Task description: A faithful copy of the entries, without any pictures, is what is needed here.

Records for the exercise:

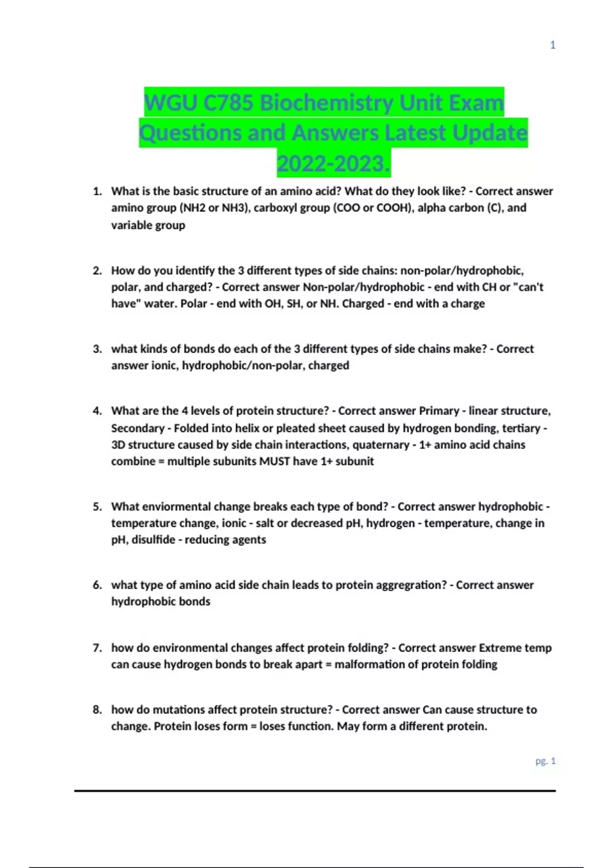 WGU C785 Biochemistry Unit Exam Questions And Answers Latest Update .WGU C785 Biochemistry Unit Exam Questions And Answers Latest Update .
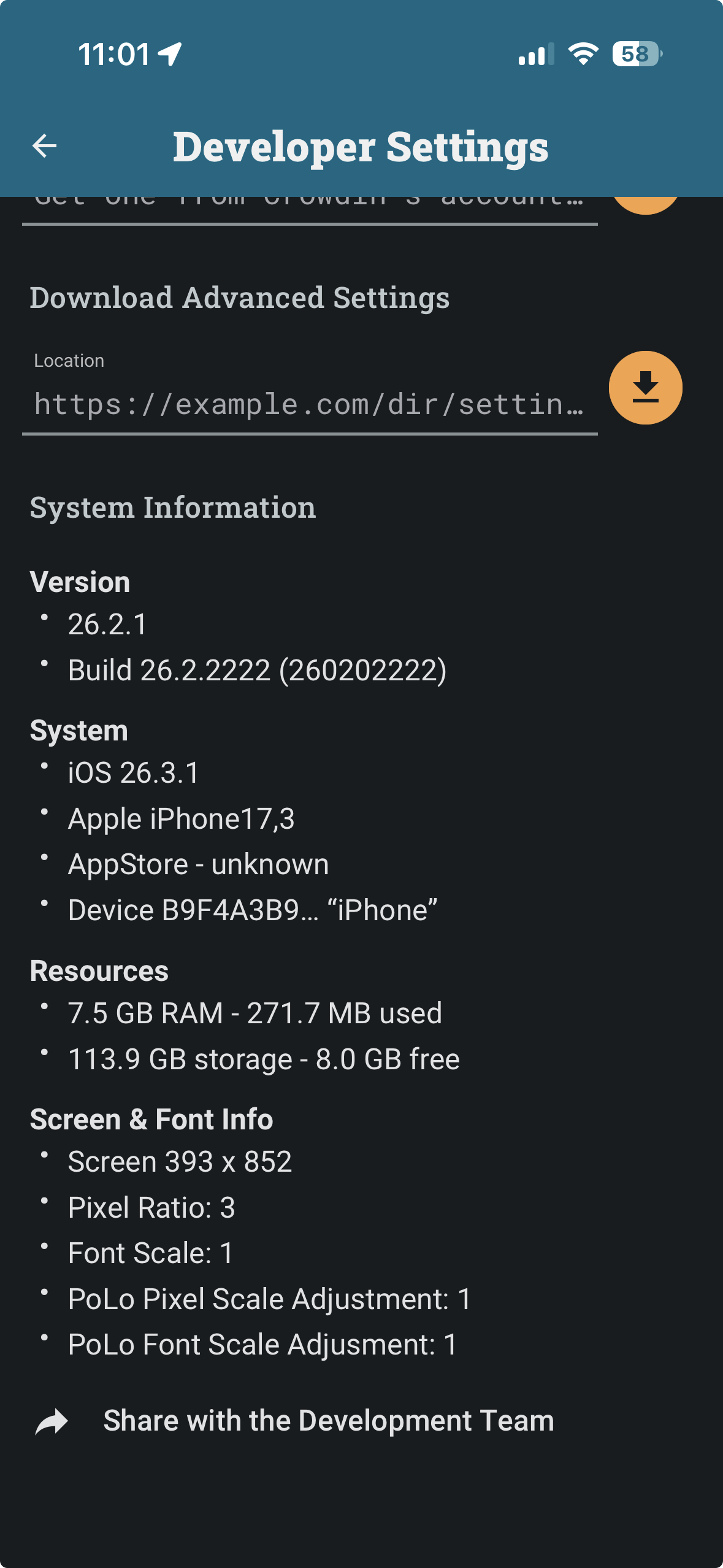 Can you activate Developer Settings and provide the System Information at the bottom of the Developer Settings page?
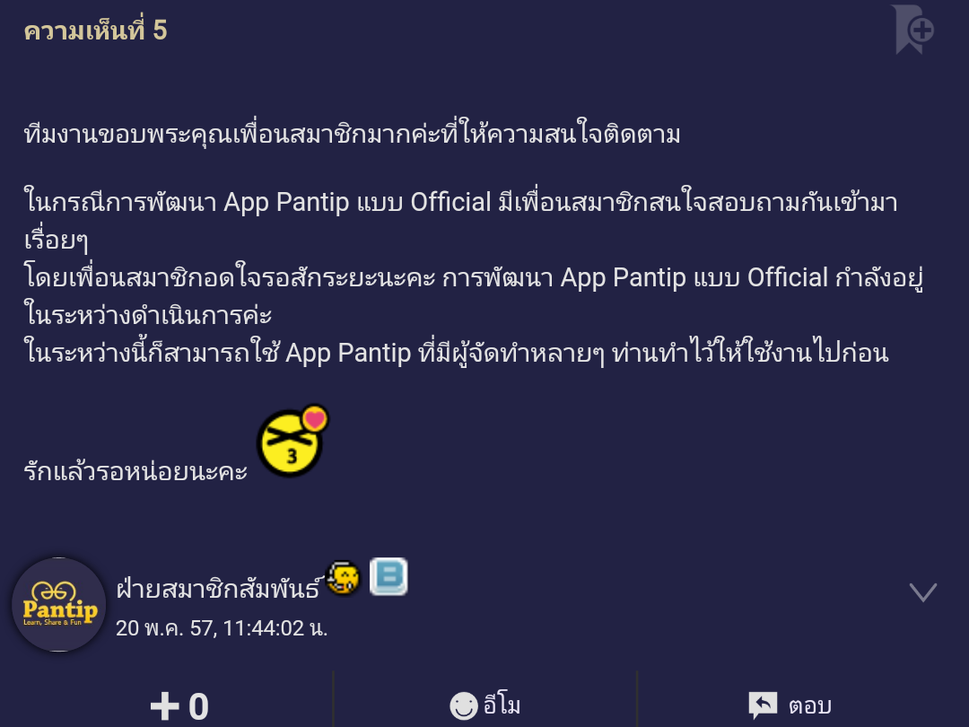 มีใครรอ แอป Pantip Official จากทีมงานพันทิปบ้าง คาดว่าน่าจะออกมาดีแน่นอน
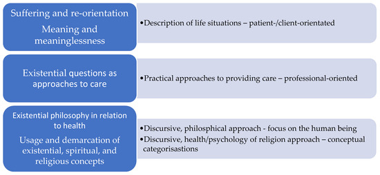 Figure 3 illustrates the three dimensions that emerged from the overarching themes. The first dimension, which included ‘suffering and re-orientation’ and ‘meaning and meaninglessness’, focused on the patients’ and clients’ life situations. The second dimension, drawn from ‘existential questions as approaches for care’, emphasised practical approaches for professionals providing care. The third dimension, which included ‘existential philosophy in relation to health and the ‘usage and demarcation of existential, spiritual and religious concepts’, underlined discursive debates on the human being and conceptual categorisation.
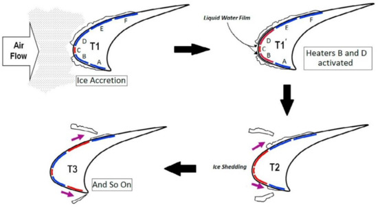 Illustration of the operation of an electro-thermal ice protection system (ETIPS) (reproduced from Huang et al. [39] with permission of Elsevier).
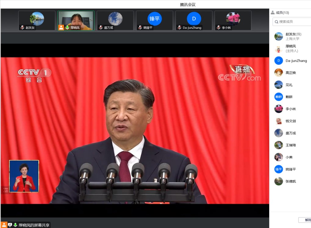 10月16日上午10时,中国共产党第二十次全国代表大会于北京人民大会堂隆重开幕。数学系党总支组织全体党员通过收听收看、组织学习座谈、开展青年党员理论小组学习等多种形式,持续掀起学习党的二十大报告热潮。大家认真学习、对标对表、深刻领会、深入践行,准确把握党的二十大的重大政治意义、理论意义、历史意义、实践意义,以及党的二十大报告中提出的新思想、新观点、新目标,切实把思想和行动统一到党中央决策部署上来,在党的坚强领导下学思用贯通,知信行统一,踔厉奋发、勇毅前行,忠诚履职尽责,主动担当作为,用工作实绩践行初心和使命,为实现党的二十大确定的目标任务而奋斗。
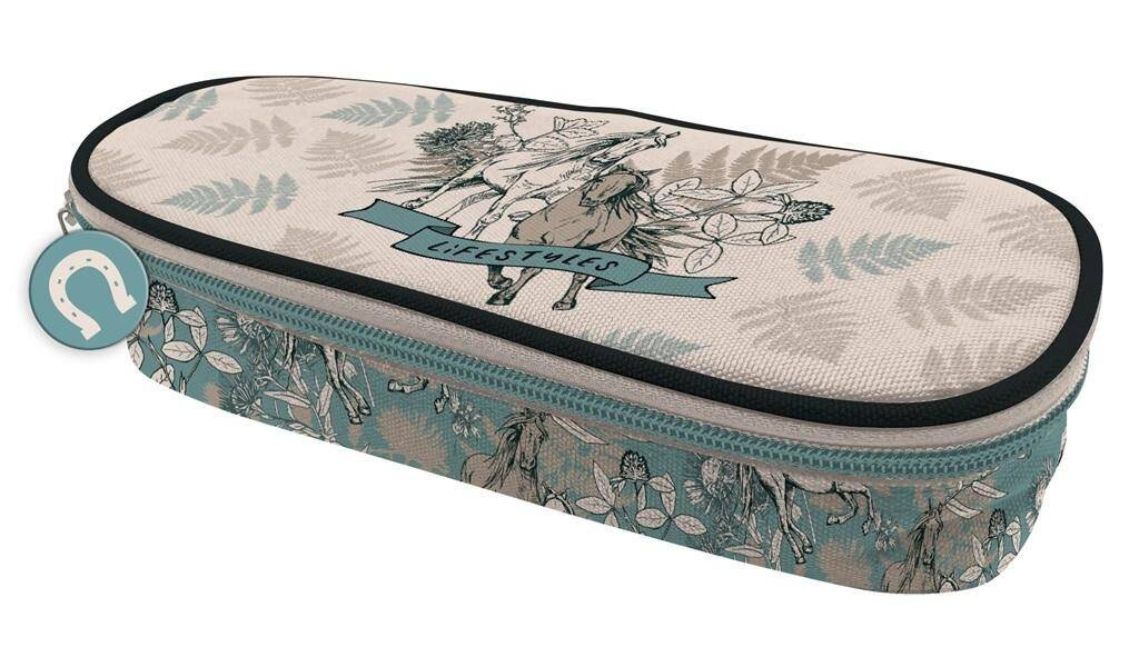 Owalny piórnik szkolny z klapką to niezbędny przedmiot uczniów. Wewnątrz na klapce znajdują się gumowe uchyty na przybory do pisania oraz skrzydło, na którym jest kieszonka z siateczki zamykana zamkiem błyskwicznym i kolejne gumowe uchwyty. Komora główna jest pojemna, korpus dodatkowo usztywniany. Na piórniku znajduje się motyw z serii Nice&Pretty
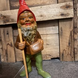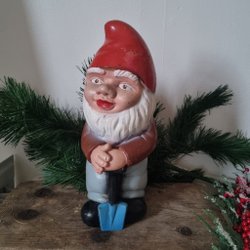 En klassisk trädgårdstomte med pipa. Denna tomte har en grön mössa och jacka, röda byxor och svarta skor. Han står med en käpp i handen.
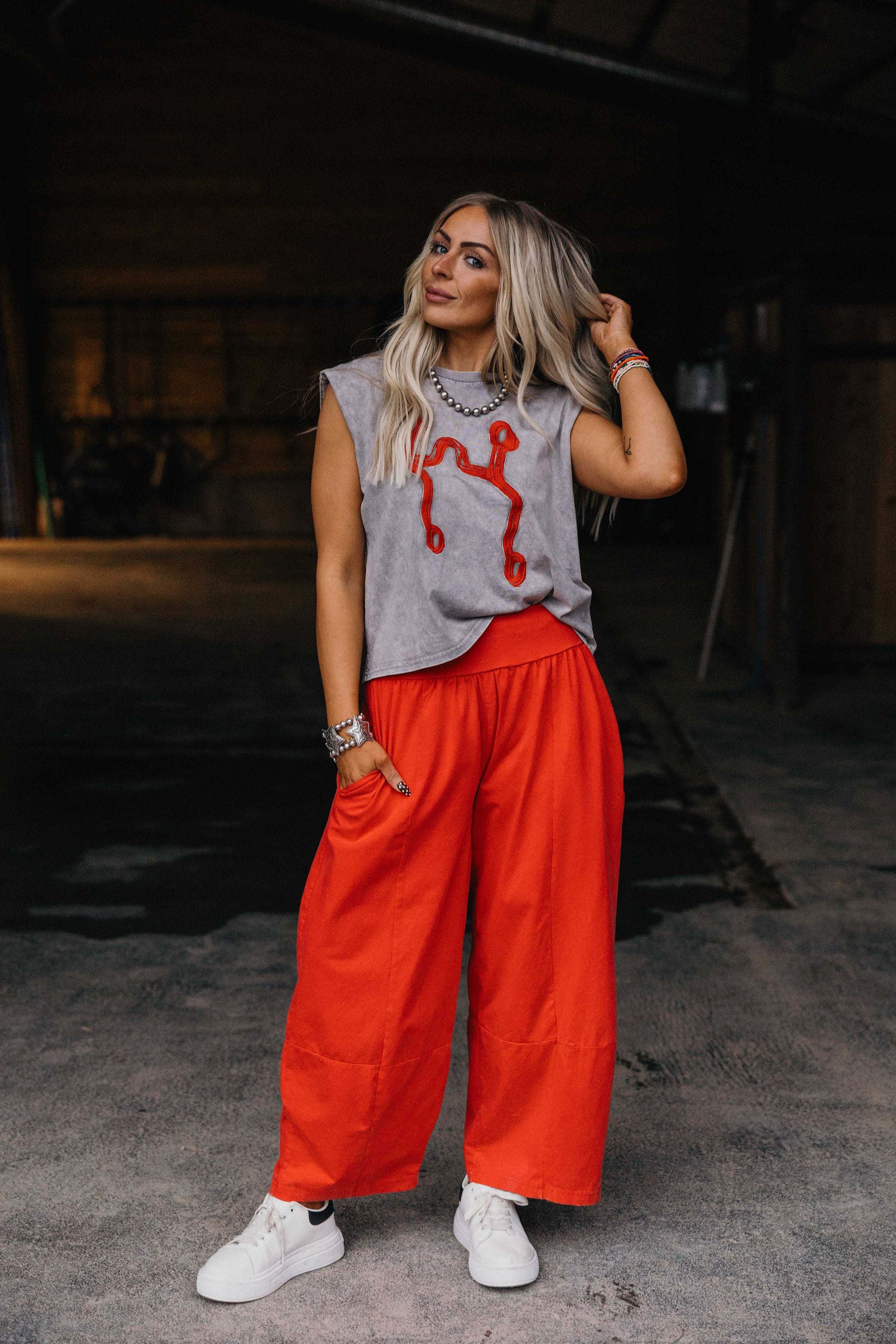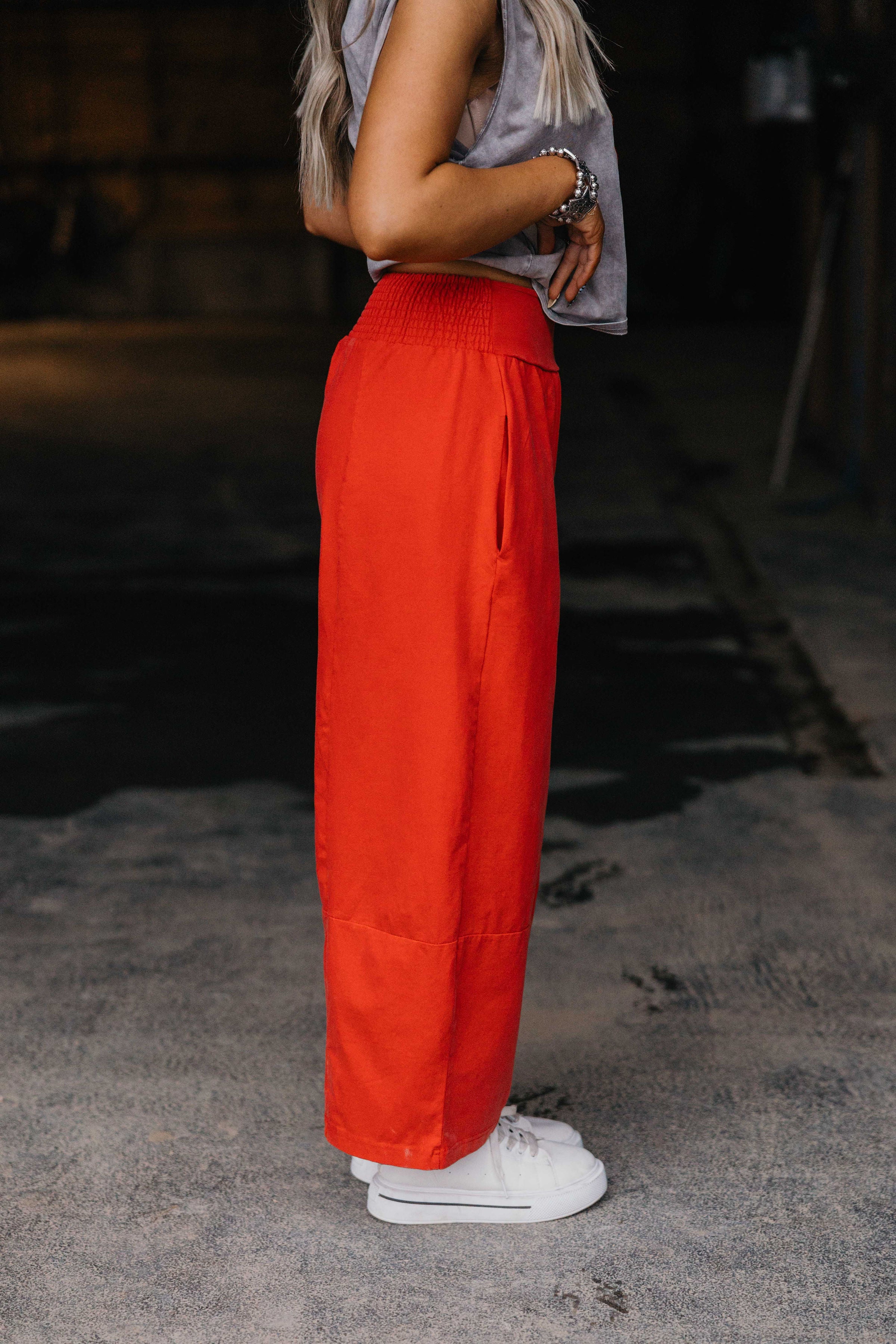 The Banks Pants deliver effortless style and comfort in one versatile piece. Crafted in a rich red mineral wash, these wide leg pants feature a generously smocked waistband that moves with you for all day ease. The relaxed silhouette works equally well for cozy lounging or dressed up with heels and a blazer for an elevated look. Perfect for anyone seeking comfort without compromising on style.

Solved problem:
 WGU C785 Biochemistry Unit Exam Questions And Answers Latest Update .WGU C785 Biochemistry Unit Exam Questions And Answers Latest Update .
 Can you activate Developer Settings and provide the System Information at the bottom of the Developer Settings page?
 มีใครรอ แอป Pantip Official จากทีมงานพันทิปบ้าง คาดว่าน่าจะออกมาดีแน่นอน
 Figure 3 illustrates the three dimensions that emerged from the overarching themes. The first dimension, which included ‘suffering and re-orientation’ and ‘meaning and meaninglessness’, focused on the patients’ and clients’ life situations. The second dimension, drawn from ‘existential questions as approaches for care’, emphasised practical approaches for professionals providing care. The third dimension, which included ‘existential philosophy in relation to health and the ‘usage and demarcation of existential, spiritual and religious concepts’, underlined discursive debates on the human being and conceptual categorisation.
 Illustration of the operation of an electro-thermal ice protection system (ETIPS) (reproduced from Huang et al. [39] with permission of Elsevier).
 10月16日上午10时,中国共产党第二十次全国代表大会于北京人民大会堂隆重开幕。数学系党总支组织全体党员通过收听收看、组织学习座谈、开展青年党员理论小组学习等多种形式,持续掀起学习党的二十大报告热潮。大家认真学习、对标对表、深刻领会、深入践行,准确把握党的二十大的重大政治意义、理论意义、历史意义、实践意义,以及党的二十大报告中提出的新思想、新观点、新目标,切实把思想和行动统一到党中央决策部署上来,在党的坚强领导下学思用贯通,知信行统一,踔厉奋发、勇毅前行,忠诚履职尽责,主动担当作为,用工作实绩践行初心和使命,为实现党的二十大确定的目标任务而奋斗。
 Owalny piórnik szkolny z klapką to niezbędny przedmiot uczniów. Wewnątrz na klapce znajdują się gumowe uchyty na przybory do pisania oraz skrzydło, na którym jest kieszonka z siateczki zamykana zamkiem błyskwicznym i kolejne gumowe uchwyty. Komora główna jest pojemna, korpus dodatkowo usztywniany. Na piórniku znajduje się motyw z serii Nice&Pretty
 En klassisk trädgårdstomte med pipa. Denna tomte har en grön mössa och jacka, röda byxor och svarta skor. Han står med en käpp i handen.
 The Banks Pants deliver effortless style and comfort in one versatile piece. Crafted in a rich red mineral wash, these wide leg pants feature a generously smocked waistband that moves with you for all day ease. The relaxed silhouette works equally well for cozy lounging or dressed up with heels and a blazer for an elevated look. Perfect for anyone seeking comfort without compromising on style.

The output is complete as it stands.